VIRTUDES PÚBLICAS/La paridad en disputa: lo bueno, lo malo y lo feo

POLA PEÑA

POLA PEÑA. (SemMéxico) 25 de julio.- La aplicación del principio de paridad en candidaturas a cargos de elección popular en los pasados comicios suscitó una serie de escenarios que bien podrían ser clasificados como ‘buenos, malos y feos’. Entendido como un proceso de largo aliento, la puesta a prueba de los mecanismos administrativos y judiciales en materia electoral son dignos de subrayarse, incluido como podrá deducirse, su efectividad en los resultados.

 

Lo bueno

 

Todo indica que el ámbito más exitoso para el avance de las mujeres ocurrió en candidaturas a diputadas al Congreso Federal. Los partidos cumplieron con postular, mutatis mutandis, 50 por ciento de candidatas y candidatos por el principio de mayoría relativa e hicieron lo propio en listas plurinominales donde, además de respetar la alternancia hombre/mujer o mujer/hombre en su integración presentaron suplencias del mismo género, criterios que si bien ya existían antes de la reforma político-electoral, en esta ocasión no presentaron mayores resistencias.

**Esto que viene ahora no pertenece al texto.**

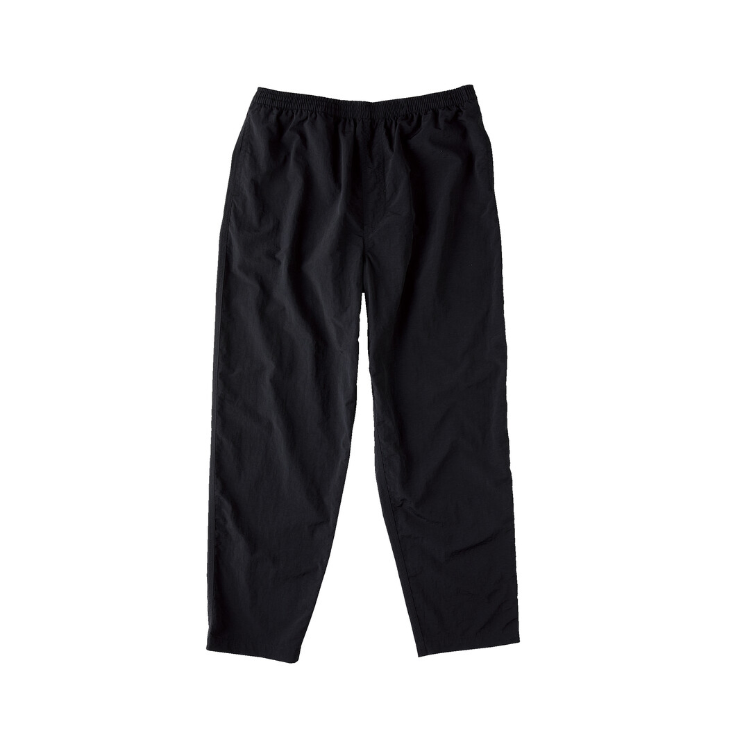 ナイロン100%の撥水加工生地を使用し、快適性と耐久性を追求した機能的なパンツです。アウトドア活動から日常のカジュアルウェアまで、あらゆるシーンで活躍。【ゴム紐付き右ポケット】小物を安全に収納可能。【メッシュ生地のサイド・ヒップポケット】通気性が良く、水抜き仕様で機能的。【ガゼットクロッチ仕様】股下にマチを設けることで、開脚時にストレスフリー。【ウエストの平ゴム&ドローコード】サイズ調整が簡単で、ウエストのフィット感を自由に調節可能。【カン抜きステッチ補強】サイドポケットの耐久性を強化。【テーパードシルエット】ヒップや腿周りにゆとりを持たせつつ、膝から裾にかけて細くなるスタイリッシュな形状。【パッカブル仕様】パンツ全体を右後ろのファスナーポケットに収納可能で、持ち運びに便利。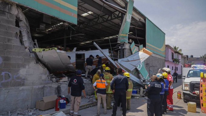 La aeronave cayó por causas que se desconocen sobre el techo del supermercado Aurrerá, ubicada en la periferia de la ciudad de Cuernavaca, capital de Morelos. Se trata de un lugar que se encuentra a unos 70 kilómetros al sur de la capital.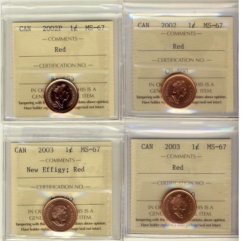 2002 1¢, 2002P, 2003, 2003 New Eff ICCS MS67RD. Lot of 4 coins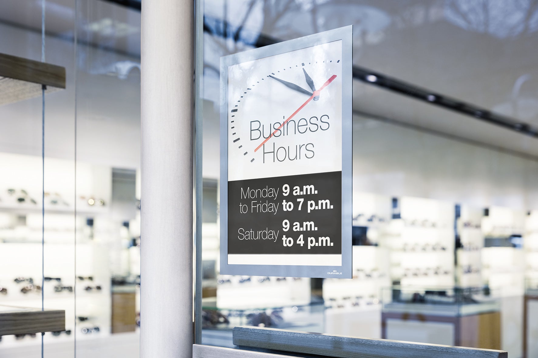 Använd DURAFRAME® SUN inforamar för att visa och presentera kampanjerbjudanden, öppettider, reklam mm på ett proffsigt sätt i skyltfönster som utsätts för solljus. Enkelt att sätta i eller skifta budskap genom att lyfta framsidan med magnetstängning. Lätt att sätta upp - spraya bara lite vatten utblandat med en droppe diskmedel på baksidan så fäster ramen statiskt på glasytan. Snyggare än tejp! Kan användas flera gånger och lämnar inga spår efter sig. Ramen ser likadan ut på fram och baksidan. * Finns i flera färger * 2 st/fp * Värmetålig upp till 70° och UV-stabil upp till 2 år * För dokument i A4 eller A3 format * Yttermått: A4: 236 x 323 mm, A3: 323 x 446 mm Då denna vara specialbeställs vid order, omfattas den inte av Office Depots retur-/ångerrätt vid köp i egenskap av företag eller annan juridisk person.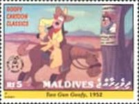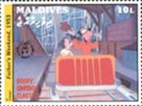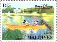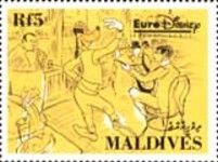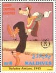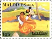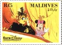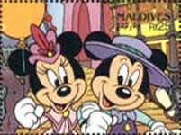 5-rufiyaa stamp depicts Mickey Mouse and Minnie Mouse;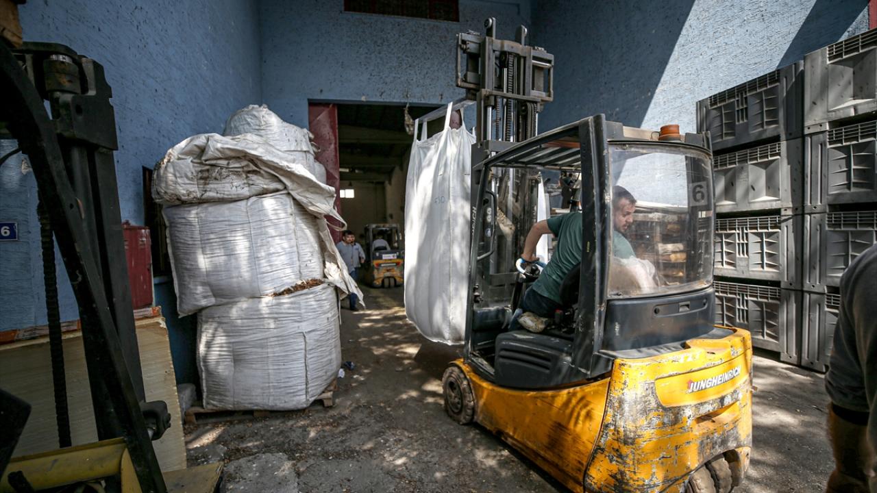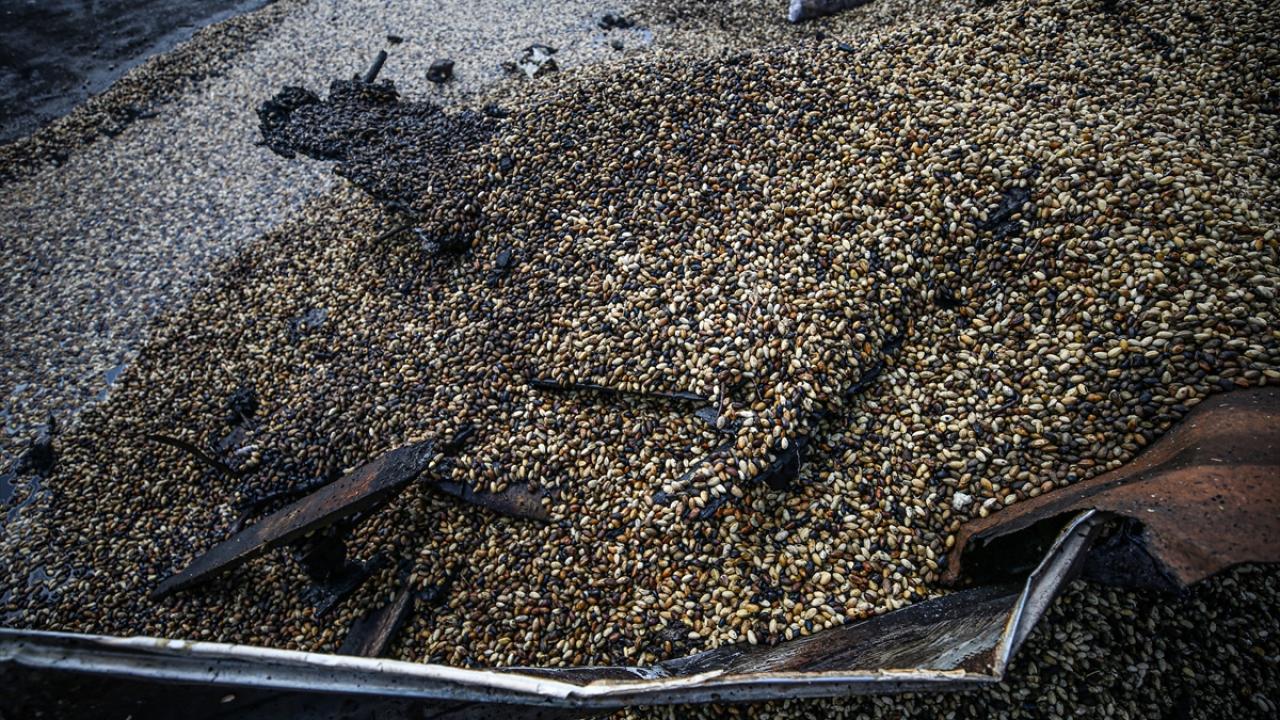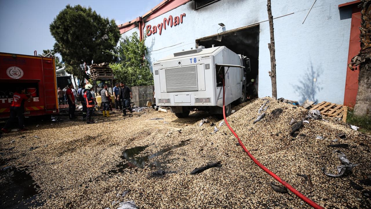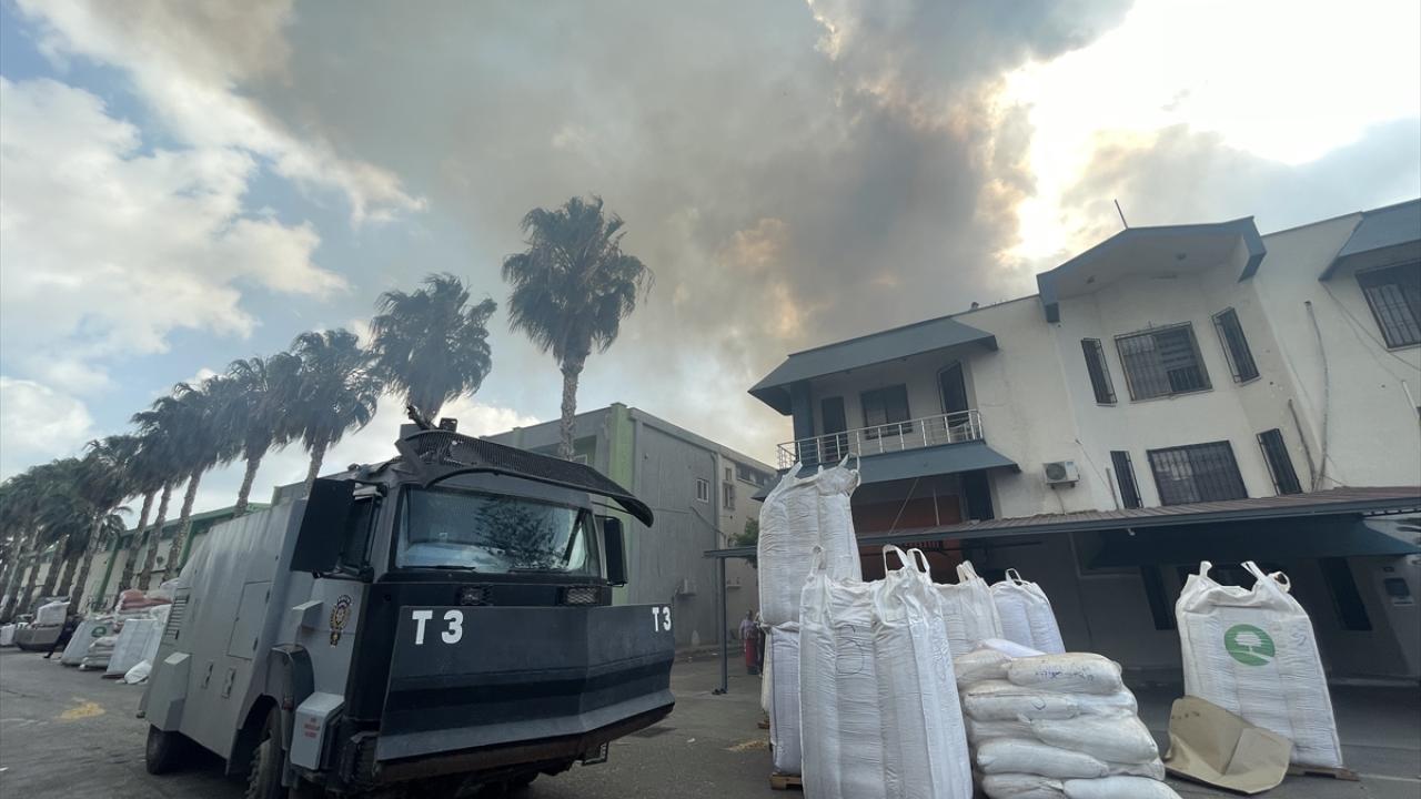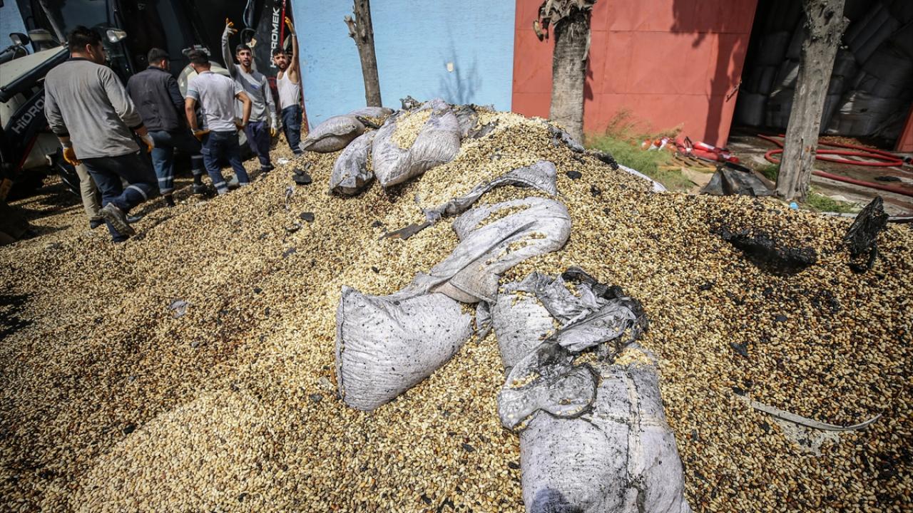 Firma çalışanları, alevlerin diğer alanlara sıçramasını önlemek için kuru yemiş çuvallarını iş makineleriyle depodan çıkardı.

Eso sí, los métodos aplicados en la fase de selección de precandidaturas al interior de los partidos continúan siendo heterogéneos y dignos de un análisis a mayor profundidad, ya que no solo es importante saber cuántas mujeres son postuladas para cumplir con el mandato de paridad, sino quiénes son las elegidas y qué perfiles ostentan para desempeñarse en una función de la mayor importancia como es la Cámara de Diputados, más aún, de quienes resultaron electas y podrán ser reelectas para un siguiente periodo de acuerdo a lo que estipulan la nueva Ley General de Instituciones y Procedimientos Electorales. Solo destacar que el incremento en el porcentaje de diputadas electas alcanzó, según cifras preliminares, un 42 por ciento, constituyendo el más alto desde que las mujeres mexicanas conquistaron el derecho a votar y ser electas en el año 1953.

Similar situación se apreció en el ámbito de candidaturas a diputaciones de los congresos locales de las 17 entidades federativas que tuvieron elecciones concurrentes. Según datos obtenidos del Observatorio de la Participación Política de las Mujeres (INMUJERES/INE/TEPJF), el incremento en el número de diputadas electas es positivo. Datos actualizados (21 julio 2015), y a excepción de Campeche, Chiapas, Colima, Guanajuato y Tabasco donde solo se consigna el número de diputadas electas por el principio de Mayoría Relativa, el porcentaje de diputadas electas respecto el total de diputaciones (MR y RP) alcanza 42.76 por ciento, ligeramente por debajo de la paridad estricta.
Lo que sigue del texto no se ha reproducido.